Darüber hinaus unterscheidet die KDA zwischen zwei Diskurstypen: dem Interdiskurs und dem Spezialdiskurs. Der Interdiskurs lässt sich als entdifferenzierte Alltagssprachlichkeit fassen, die Mehrdeutigkeiten im Sinne eines „fluktuierenden Gewimmels (Link 1986, 5f.) besitzt. Von diesem ist der Spezialdiskurs abgesetzt, dessen Erkennungsmerkmal eine zunehmende Ausdifferenzierung von Wissen bildet und der durch Fachtermini und hochkomplexe Wissensformen gekennzeichnet ist: Spezialdiskurse sind durch „Eindeutigkeit, spezielle Definition der Begriffe, Dominanz der Denotation und möglichst Beseitigung aller Uneindeutigkeiten und Konnotationen mit dem Idealtyp der mathematischen Formel (Link 2007, 228 & 2001, 81) gekennzeichnet. Ein solcher Spezialdiskurs lässt sich gemäß des oben ausgeführten Forschungsstands beispielsweise in der biologischen oder medizinischen Forschung des 19. Jahrhunderts verorten. Ideen, Strukturvorstellungen und Begriffe aus diesen Spezialdiskursen werden im Interdiskurs übersetzt, d.h. ein spezialisiertes Wissen wird mit dem Wissen einer Alltagskommunikation verbunden und verändert dort das „kulturelle Allgemeinwissen" (Link 2006a, 42). Somit realisiert sich im Interdiskurs eine breite Verknüpfung von Wissen und damit auch eine Vermittlung zwischen den spezialisierten Diskurssträngen, die unumgänglich ist, damit eine öffentliche Kommunikation jenseits der Tendenzen einer Spezialisierung von Wissen möglich wird (Link 2007, 231). Dadurch wird der Interdiskurs zu dem Ort, an dem sich entscheidet, welches Wissen popularisiert wird und hegemoniale Machtwirkung entfaltet.

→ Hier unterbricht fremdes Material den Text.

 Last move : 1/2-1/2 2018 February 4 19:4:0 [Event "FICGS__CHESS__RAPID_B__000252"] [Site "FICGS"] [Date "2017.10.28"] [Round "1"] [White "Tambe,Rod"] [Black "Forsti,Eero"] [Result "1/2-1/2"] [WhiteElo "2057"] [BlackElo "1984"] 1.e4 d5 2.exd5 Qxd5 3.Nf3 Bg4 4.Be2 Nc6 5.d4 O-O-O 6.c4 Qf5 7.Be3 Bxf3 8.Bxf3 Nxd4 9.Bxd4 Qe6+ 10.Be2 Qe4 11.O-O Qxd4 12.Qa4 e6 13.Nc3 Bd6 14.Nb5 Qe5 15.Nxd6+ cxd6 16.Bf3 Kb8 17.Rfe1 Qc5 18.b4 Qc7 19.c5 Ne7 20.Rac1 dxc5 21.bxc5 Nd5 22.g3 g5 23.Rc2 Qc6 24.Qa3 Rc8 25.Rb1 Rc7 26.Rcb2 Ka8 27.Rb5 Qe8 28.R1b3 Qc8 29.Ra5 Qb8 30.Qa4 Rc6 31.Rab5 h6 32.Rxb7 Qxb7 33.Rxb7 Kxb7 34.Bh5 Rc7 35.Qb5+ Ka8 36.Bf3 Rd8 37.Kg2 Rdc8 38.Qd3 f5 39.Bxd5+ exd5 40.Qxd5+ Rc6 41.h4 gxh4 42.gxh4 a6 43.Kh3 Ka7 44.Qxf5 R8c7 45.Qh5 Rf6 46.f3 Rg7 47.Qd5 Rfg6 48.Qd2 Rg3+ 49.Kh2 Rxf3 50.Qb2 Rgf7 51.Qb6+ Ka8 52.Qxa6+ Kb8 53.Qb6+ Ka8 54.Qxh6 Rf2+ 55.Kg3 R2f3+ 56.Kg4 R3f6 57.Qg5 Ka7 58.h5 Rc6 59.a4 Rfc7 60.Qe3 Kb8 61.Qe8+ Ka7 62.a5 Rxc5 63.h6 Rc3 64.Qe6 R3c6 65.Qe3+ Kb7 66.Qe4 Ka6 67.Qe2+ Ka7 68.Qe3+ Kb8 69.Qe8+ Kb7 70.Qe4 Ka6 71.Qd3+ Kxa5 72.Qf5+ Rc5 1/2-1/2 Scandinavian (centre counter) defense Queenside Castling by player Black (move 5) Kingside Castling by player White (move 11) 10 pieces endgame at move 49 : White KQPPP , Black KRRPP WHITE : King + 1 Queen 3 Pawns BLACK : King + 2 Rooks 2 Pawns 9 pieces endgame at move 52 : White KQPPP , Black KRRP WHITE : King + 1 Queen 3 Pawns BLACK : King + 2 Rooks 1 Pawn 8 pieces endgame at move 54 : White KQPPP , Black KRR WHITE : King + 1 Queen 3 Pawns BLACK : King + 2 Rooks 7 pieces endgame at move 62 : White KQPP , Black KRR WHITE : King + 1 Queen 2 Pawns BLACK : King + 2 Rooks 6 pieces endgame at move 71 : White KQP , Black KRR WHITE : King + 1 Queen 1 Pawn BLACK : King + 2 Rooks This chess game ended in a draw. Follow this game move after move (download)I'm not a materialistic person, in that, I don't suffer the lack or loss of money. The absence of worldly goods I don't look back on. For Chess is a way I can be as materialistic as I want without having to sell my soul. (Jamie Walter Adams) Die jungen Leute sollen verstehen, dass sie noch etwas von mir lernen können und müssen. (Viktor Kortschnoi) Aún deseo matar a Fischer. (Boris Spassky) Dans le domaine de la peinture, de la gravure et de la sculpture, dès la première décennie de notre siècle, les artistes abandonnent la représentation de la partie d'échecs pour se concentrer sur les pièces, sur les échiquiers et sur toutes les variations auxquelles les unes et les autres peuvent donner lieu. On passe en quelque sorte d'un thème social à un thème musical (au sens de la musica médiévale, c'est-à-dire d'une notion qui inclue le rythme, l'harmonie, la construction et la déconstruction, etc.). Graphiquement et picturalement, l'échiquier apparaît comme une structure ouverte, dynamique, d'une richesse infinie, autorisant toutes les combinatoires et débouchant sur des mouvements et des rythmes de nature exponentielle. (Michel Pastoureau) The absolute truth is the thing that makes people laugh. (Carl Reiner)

Nach der KDA vollzieht sich die konkrete Integration des speziellen Wissens an „Kopplungsstellen (Link/Diaz-Bone 2006, 22) über ein Arrangement von „empirisch relativ stabilen, häufig wiederkehrenden Teilstrukturen (Parr 2008, 203). Diese werden aus elementaren literarischen Formen wie Symbolen, Metaphern, Analogien etc. gebildet, die im Sinne einer Übersetzung Unbekanntes in Bekanntes transformieren. Bezeichnet werden diese als „Kollektivsymbole"⁴⁰ (Link 2001, 77), da sie durch ihre kulturelle Verwurzelung mit ihrer Bildlichkeit und ihrer Bedeutung in diesem Kreis unmittelbar anschaulich wirken.⁴¹ Kollektivsymbole transportieren Inhalte wie „anschauliche Modelle, orientierende To-piken (Link 1997, 25). Nach Link bilden diese Kollektivsymbole erstens ein synchrones System „kulturtypologisch prägnante[r] Konstellation[en] von Bildern (Link/Wülfing 1984, 9). Zweitens bedarf es einer relativ stabilen Verbindung zwischen Signifikat und Signifikant, das Verhältnis in einem Kollektivsymbol kann nicht arbiträr sein. Und drittens muss das Kollektivsymbol über stabile Relationen zwischen Pictura und Subscriptiones⁴² verfügen, also über eine relativ fixe Verbindung zwischen einer bildlichen und einer erklärenden, ausführenden Dimension, sozusagen einer Sinnebene (Drews/Gerhard/Link 1985, 256-375; Link 1982, 7). Dieser Sinn kann entweder explizit formuliert (denotiert) oder indirekt hergestellt (konnotiert) sein (Link 2006a, 41; Parr 1998, 69).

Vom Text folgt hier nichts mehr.